_What is expected_. Write out each record exactly as it stands. No pictures belong in the copy.

_Data in this exercise_.
--

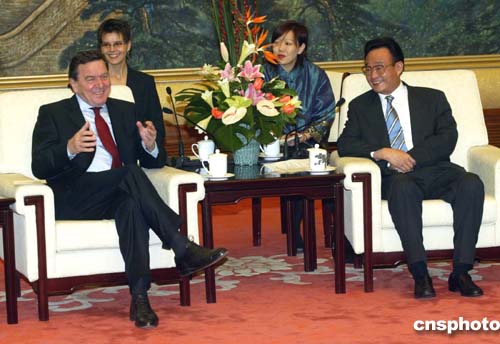 施羅德贊同吳邦國對(duì)德中關(guān)系的評(píng)價(jià)。他說,中德關(guān)系建立在相互信任的基礎(chǔ)上,各個(gè)方面的合作都很好。德國政府重視德中關(guān)系,將繼續(xù)堅(jiān)持一個(gè)中國政策。德方愿進(jìn)一步加強(qiáng)兩國議會(huì)業(yè)已存在的良好合作關(guān)系。同時(shí),愿繼續(xù)加強(qiáng)與中國的民間交往,以及文化交流。德方愿與中方一道使德中關(guān)系始終保持高水平的發(fā)展。
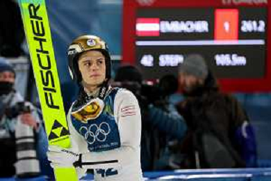 Stephan EMBACHER, AUT, bib number 42, Action Photo, Men's Normal Hill HS107 at Ski Jumping Olympic Winter Games 2025-26 in Milano Cortina, Italy, 2026-02-09, Photo Credit: action press / Julia Piatkowska/KarmaPress / AGENZIA ALDO LIVERANI SAS ITALY ONLY EDITORIAL USE ONLY
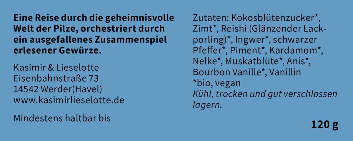 Kokosblütenzucker, Zimt, Reishi (Glänzender Lackporling), Ingwer, Schwarzer Pfeffer, Piment, Kardamom, Nelke, Muskatblüte, Anis, Vanillin.
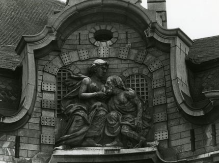 De vorst, door dit voorval aangegrepen, liet onmiddellijk Cimon vrij en gaf opdracht boven de toegangspoort een kunstwerk te plaatsen als blijvend aandenken aan deze gebeurtenis.Deze oude cipierswoning gaf toegang tot de stadsgevangenis.
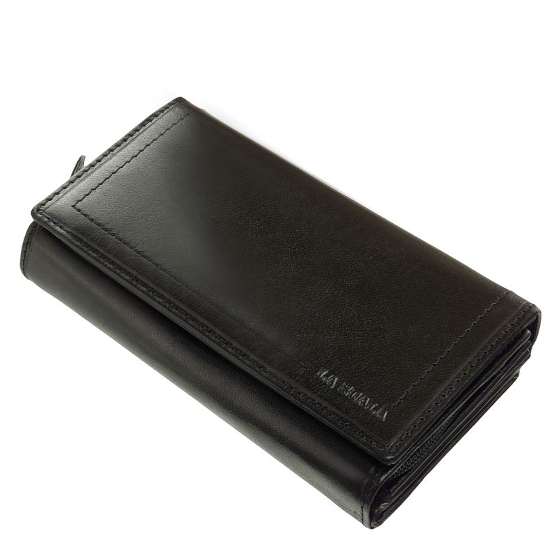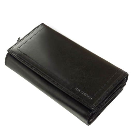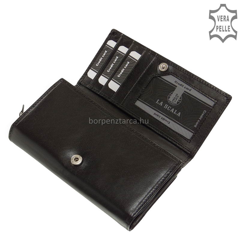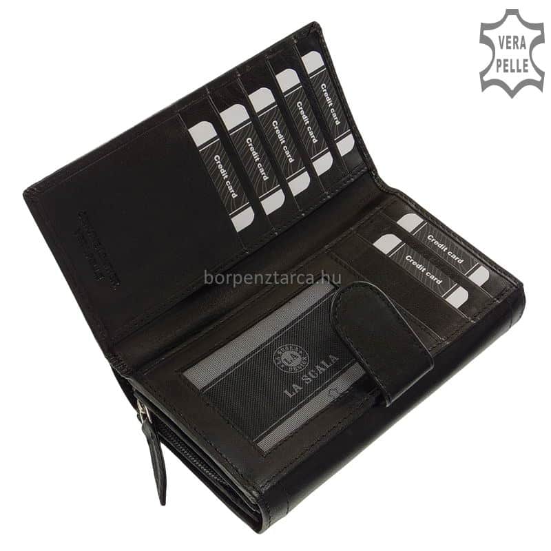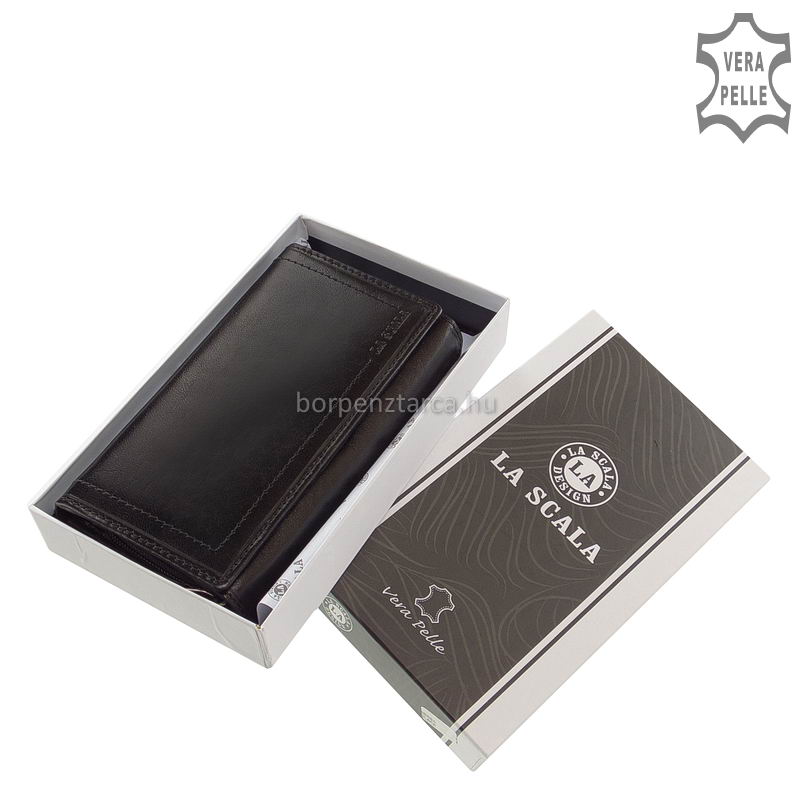 Női bőr pénztárca valódi, minőségi bőrből gyártva a LA SCALA márkacsaládtól mely modell fedelének széleit különleges dupla soros dísztűzés teszi mutatóssá.

--

_Answer for the task_.
 施羅德贊同吳邦國對(duì)德中關(guān)系的評(píng)價(jià)。他說,中德關(guān)系建立在相互信任的基礎(chǔ)上,各個(gè)方面的合作都很好。德國政府重視德中關(guān)系,將繼續(xù)堅(jiān)持一個(gè)中國政策。德方愿進(jìn)一步加強(qiáng)兩國議會(huì)業(yè)已存在的良好合作關(guān)系。同時(shí),愿繼續(xù)加強(qiáng)與中國的民間交往,以及文化交流。德方愿與中方一道使德中關(guān)系始終保持高水平的發(fā)展。
 Stephan EMBACHER, AUT, bib number 42, Action Photo, Men's Normal Hill HS107 at Ski Jumping Olympic Winter Games 2025-26 in Milano Cortina, Italy, 2026-02-09, Photo Credit: action press / Julia Piatkowska/KarmaPress / AGENZIA ALDO LIVERANI SAS ITALY ONLY EDITORIAL USE ONLY
 Kokosblütenzucker, Zimt, Reishi (Glänzender Lackporling), Ingwer, Schwarzer Pfeffer, Piment, Kardamom, Nelke, Muskatblüte, Anis, Vanillin.
 De vorst, door dit voorval aangegrepen, liet onmiddellijk Cimon vrij en gaf opdracht boven de toegangspoort een kunstwerk te plaatsen als blijvend aandenken aan deze gebeurtenis.Deze oude cipierswoning gaf toegang tot de stadsgevangenis.
 Női bőr pénztárca valódi, minőségi bőrből gyártva a LA SCALA márkacsaládtól mely modell fedelének széleit különleges dupla soros dísztűzés teszi mutatóssá.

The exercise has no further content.